### Information supplied

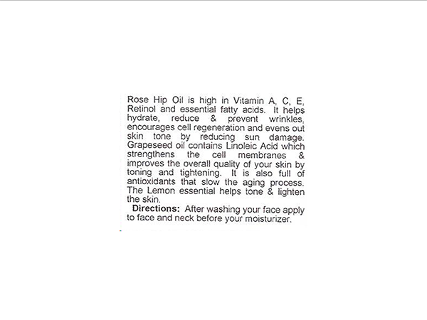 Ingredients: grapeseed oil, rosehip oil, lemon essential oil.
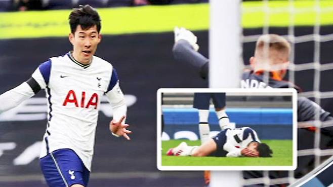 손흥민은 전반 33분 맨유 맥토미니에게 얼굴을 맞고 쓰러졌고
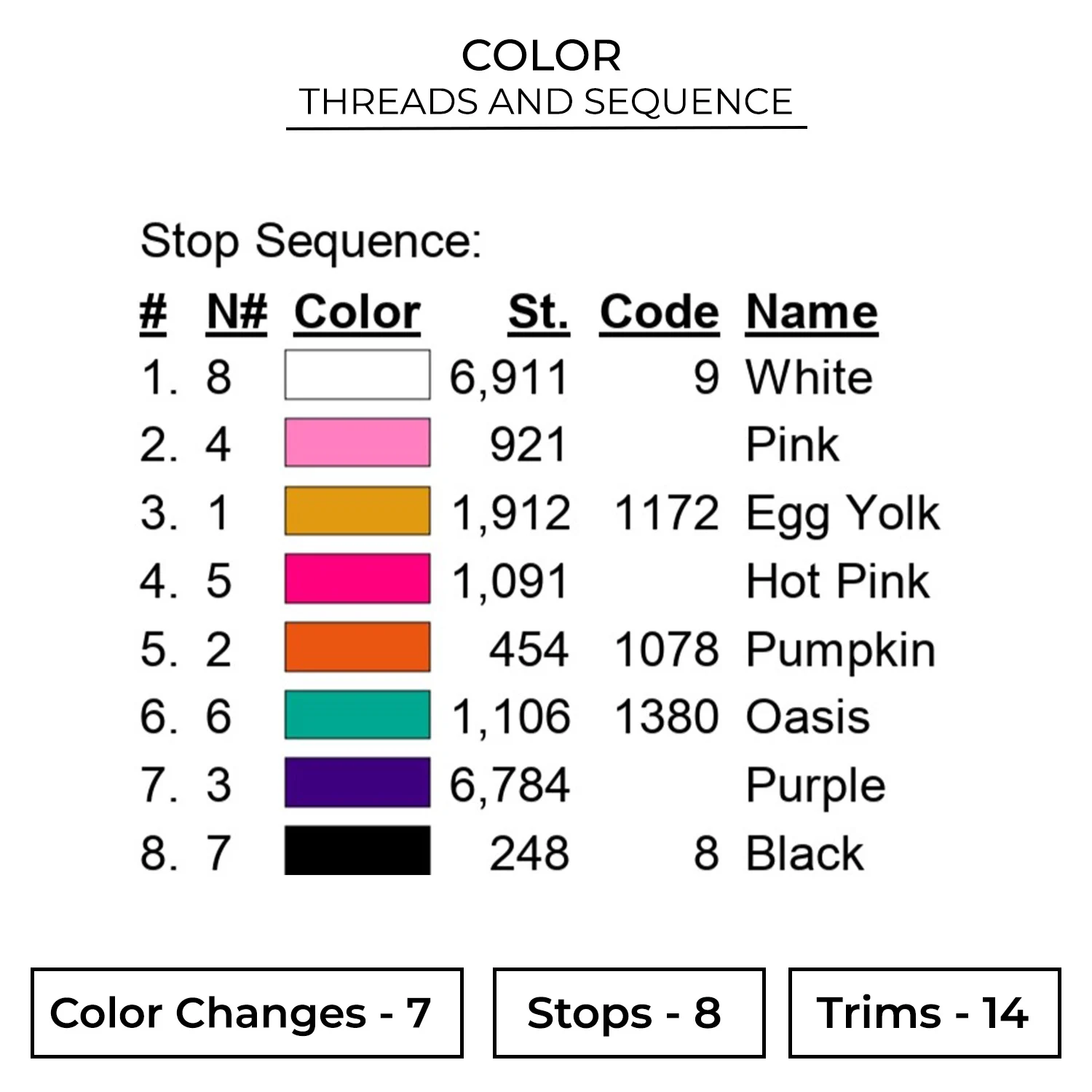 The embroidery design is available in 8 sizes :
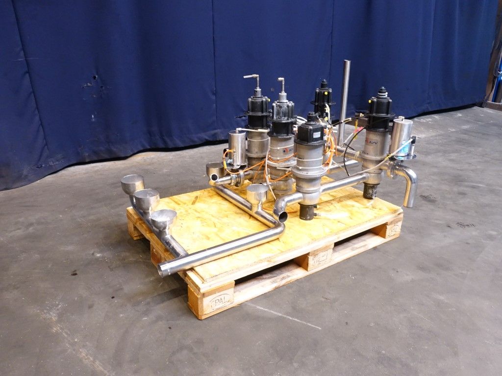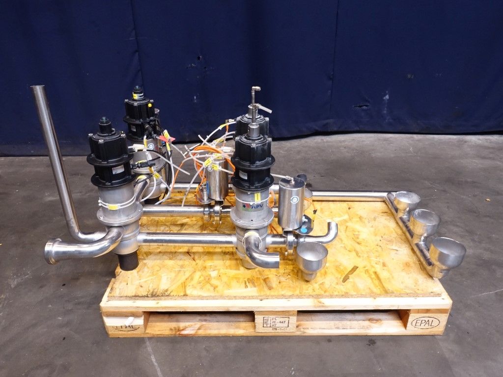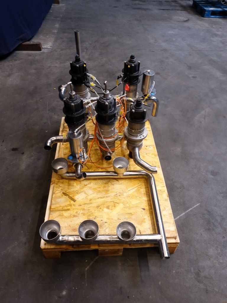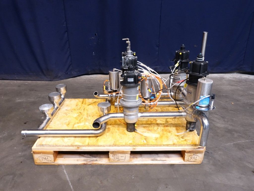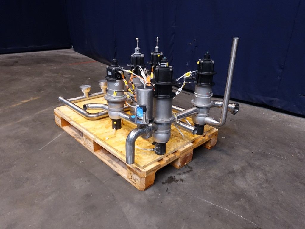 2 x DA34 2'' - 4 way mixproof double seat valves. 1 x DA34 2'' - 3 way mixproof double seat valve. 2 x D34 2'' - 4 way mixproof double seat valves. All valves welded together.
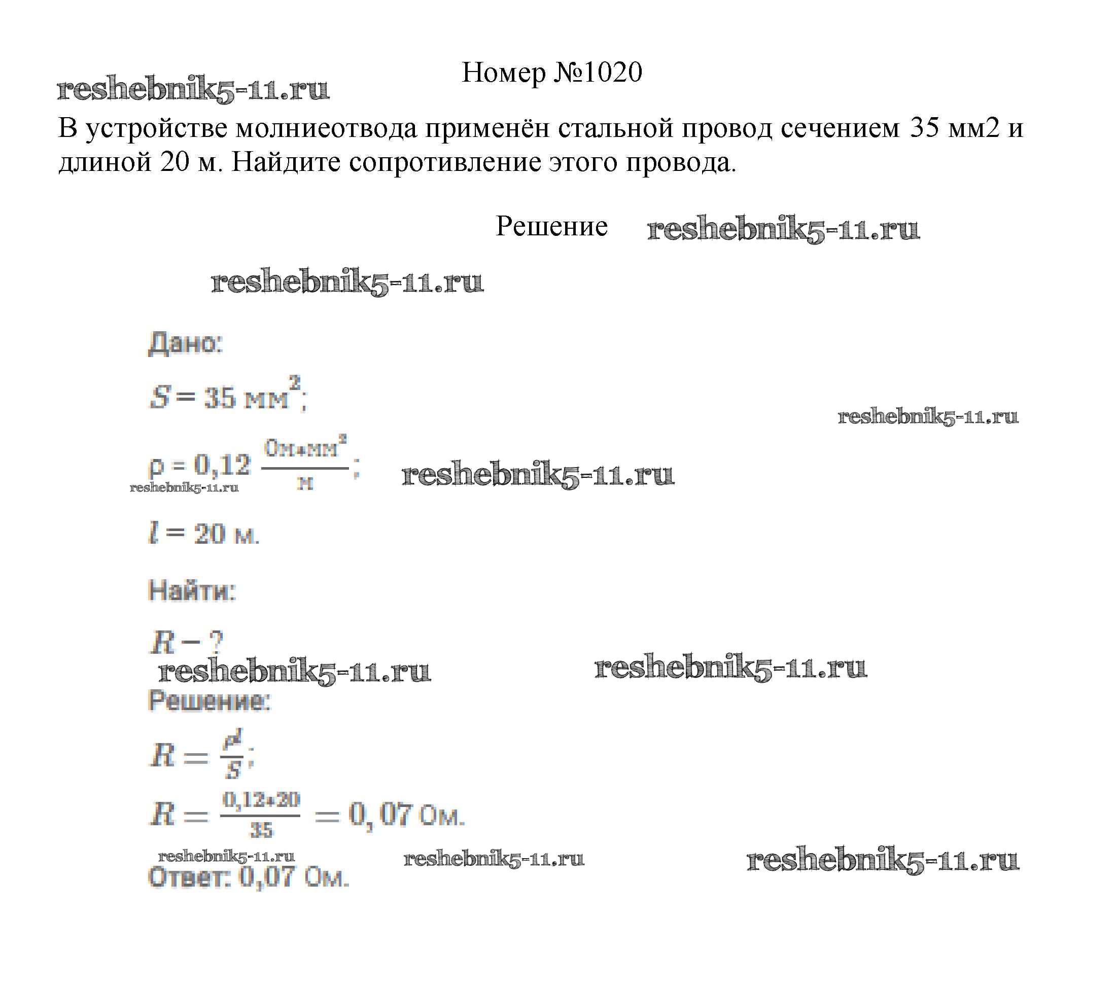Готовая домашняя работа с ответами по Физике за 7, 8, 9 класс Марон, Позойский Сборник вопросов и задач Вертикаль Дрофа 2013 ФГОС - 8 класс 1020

### Task statement
Could you reproduce exactly the lines from the one containing "The embroidery design" through the last line of the records, both included, leaving out the pictures?

### Exercise solution
 The embroidery design is available in 8 sizes :
 2 x DA34 2'' - 4 way mixproof double seat valves. 1 x DA34 2'' - 3 way mixproof double seat valve. 2 x D34 2'' - 4 way mixproof double seat valves. All valves welded together.
Готовая домашняя работа с ответами по Физике за 7, 8, 9 класс Марон, Позойский Сборник вопросов и задач Вертикаль Дрофа 2013 ФГОС - 8 класс 1020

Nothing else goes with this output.